Aquaculture rule changes raise pesticide concerns
Coalition calls on prime minister to halt proposed amendments, citing environment, livelihoods
A broad-based coalition is calling on Prime Minister Stephen Harper to halt proposed changes to federal aquaculture regulations, warning they could damage the environment and existing businesses.
The proposed amendments to the federal Fisheries Act would exempt the aquaculture industry from provisions that "prohibit the release of deleterious substances into water frequented by fish."
The coalition wrote an open letter to Harper on Tuesday, with 120 signatories, including business leaders, commercial and recreational fishing associations, scientists, lawyers and environmentalists.
"In essence, in the end, we are going end up with the aquaculture being essentially self-regulated and self-monitored," said Recchia, who is based in southwestern New Brunswick.
"And I think we're going to have a much worse style of management than we have now and it's going to be a lot more problematic for the marine environment."
To have DFO authorize pollution from a coastal industry is simply baffling.- Stewart Lamont, Tangier Lobster
Stewart Lamont, owner of Tangier Lobster in Nova Scotia, agrees.
"The value of our industry is based on a pristine, non-polluted marine environment," Lamont said in a statement.
"We have already dealt with the impacts of pesticides, and see federal fines levied on something that would now become legal.

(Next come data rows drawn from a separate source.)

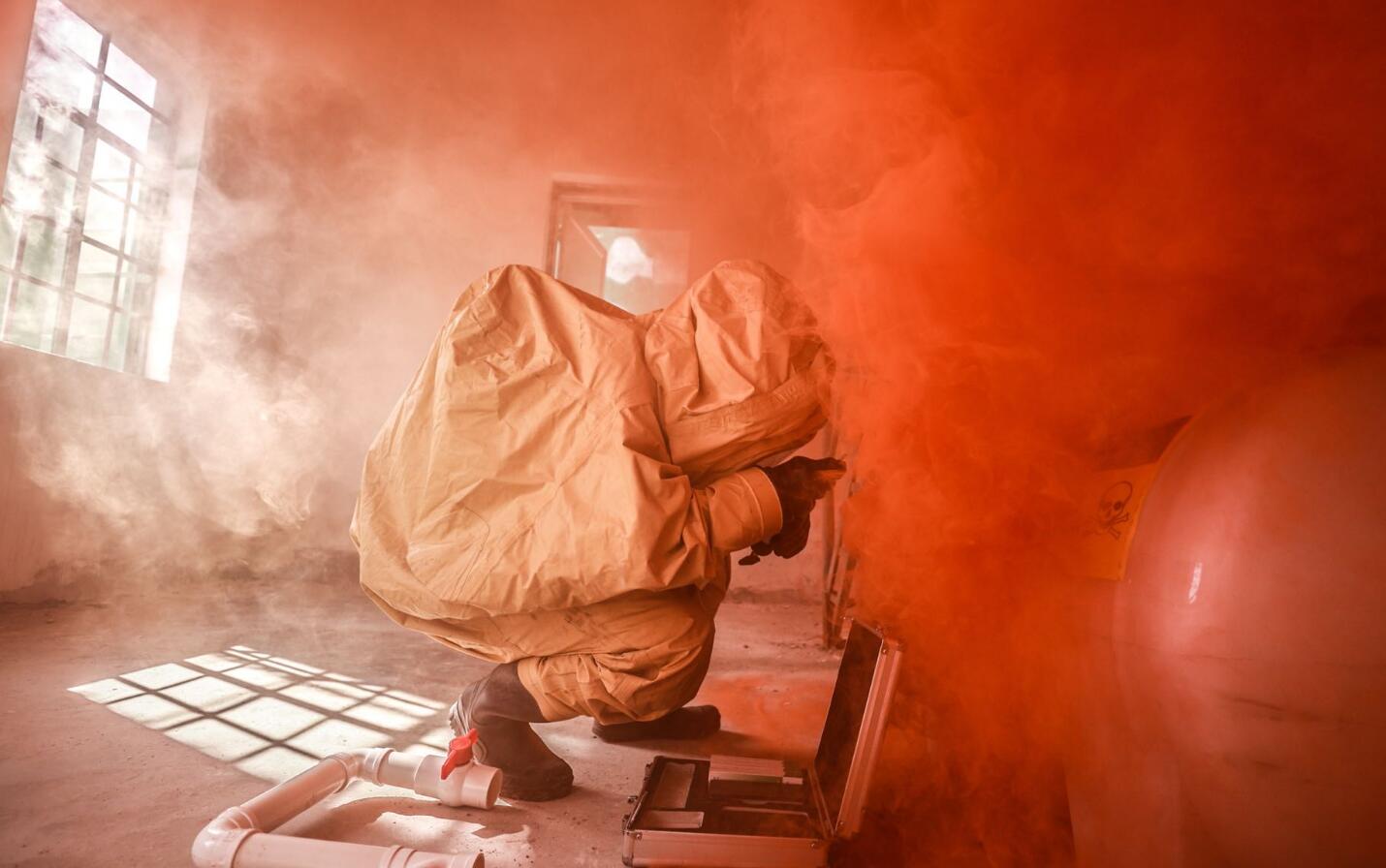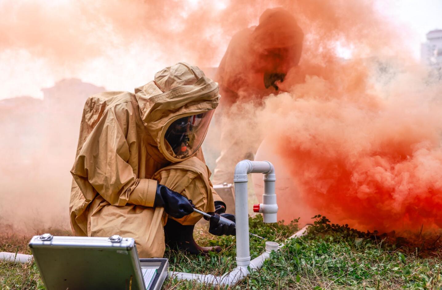 防化分队侦检组穿戴新式重型防护服进入泄露沾染区
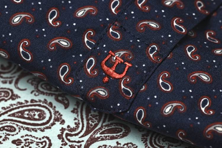 Актуальный во все времена рубашечный узор, pasley – знаковый атрибут денди look, особенно часто украшающий эффектные сорочки в пижонском стиле. В зависимости от цвета, частоты и размера, – пейсли сочетается с широкой палитрой предметов верхнего и брючного гардероба – от строгой классики и выдержанного smart-casual стиля до тертого денима и навороченной кожаной куртки. Если вы выбрали рубашку с орнаментом pasley, то особым шиком в дополнение к ней станет узкий галстук с идентичным узором.
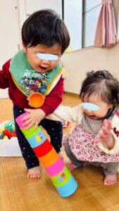 カップのタワーも協力して作っていましたよ👏
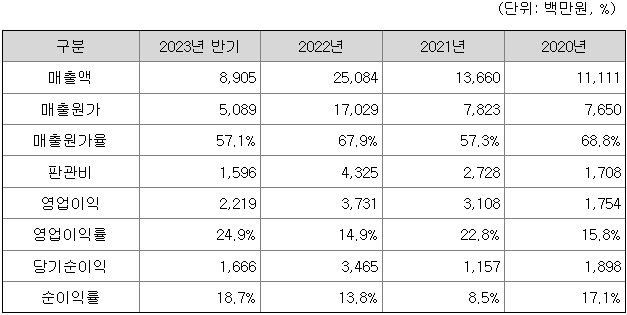 그린리소스의 매출액은 2020년 111억에서 2022년 251억 2023년 반기 89억의 매출 실적을 기록하고 있습니다.
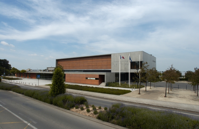 Mairie, écoles et monument sur la commune de Pacé,
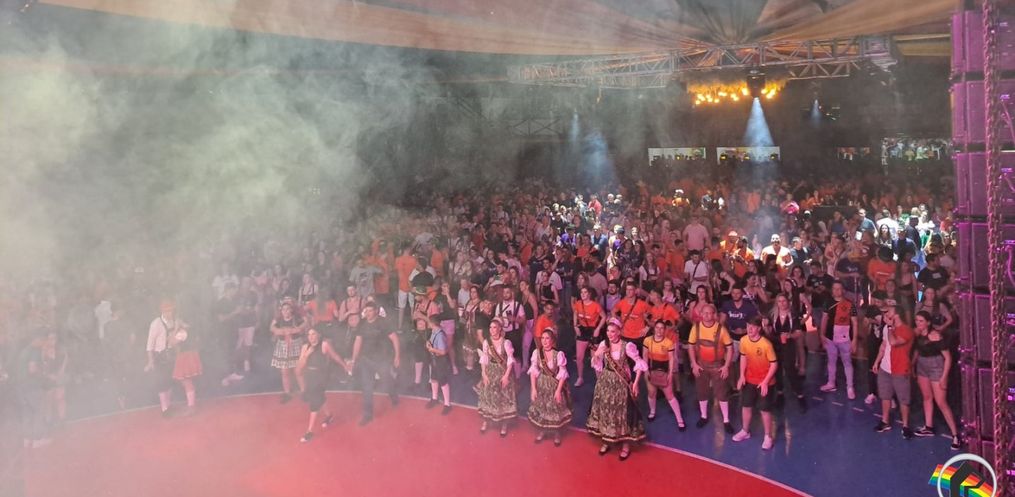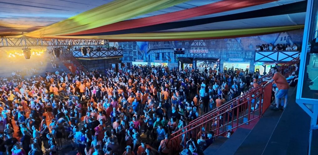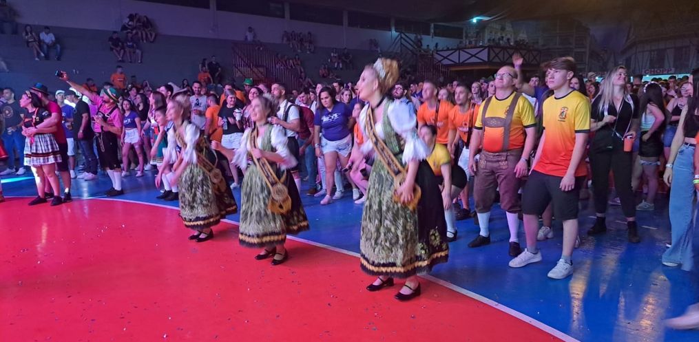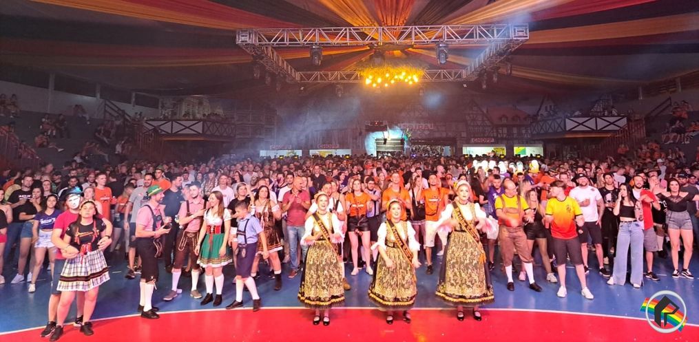 Pessoas de diversas cidades participaram das festividades da 44ª Oktoberfest de Itapiranga na noite deste sábado, 14.

To have DFO authorize pollution from a coastal industry is simply baffling," he said.
In 2013, a New Brunswick aquaculture company was ordered to pay $500,000 after pleading guilty to two charges in connection with the deaths of hundreds of lobsters in the Bay of Fundy from an illegal pesticide about three years prior.
The penalty against Kelly Cove Salmon Ltd., a division of Cooke Aquaculture, was the largest ever imposed in New Brunswick for environmental violations under the federal Fisheries Act, an Environment Canada official had said.
Two studies released earlier this year by Fisheries and Oceans Canada found two pesticides used to fight sea lice in the salmon farming industry have potential lethal effects.
Salmosan, a pesticide currently approved for use in the Bay of Fundy, can be hazardous to lobsters and other species hundreds of metres from a farm, the research conducted at the St. Andrews Biological Station showed.
Meanwhile, Alphamax, which was temporarily used during a sea-lice infestation five years ago, could kill lobsters up to 10 kilometres away, the studies found.
Sea lice are a parasitic crustacean that feed on the flesh of farmed salmon until the salmon die or the sea lice are removed.
The draft changes to the Fisheries Act have been in the works since 2011 and are close to being passed, said Recchia.
"These regulations will set back Canadian aquatic environmental protection measures several decades," Bill Ernst, a retired Environment Canada toxicologist, said in a statement.
"They will eliminate Environment Canada’s role in enforcing the law with respect to aquaculture and hand responsibility over to Health Canada, who do not have an undivided environmental protection mandate."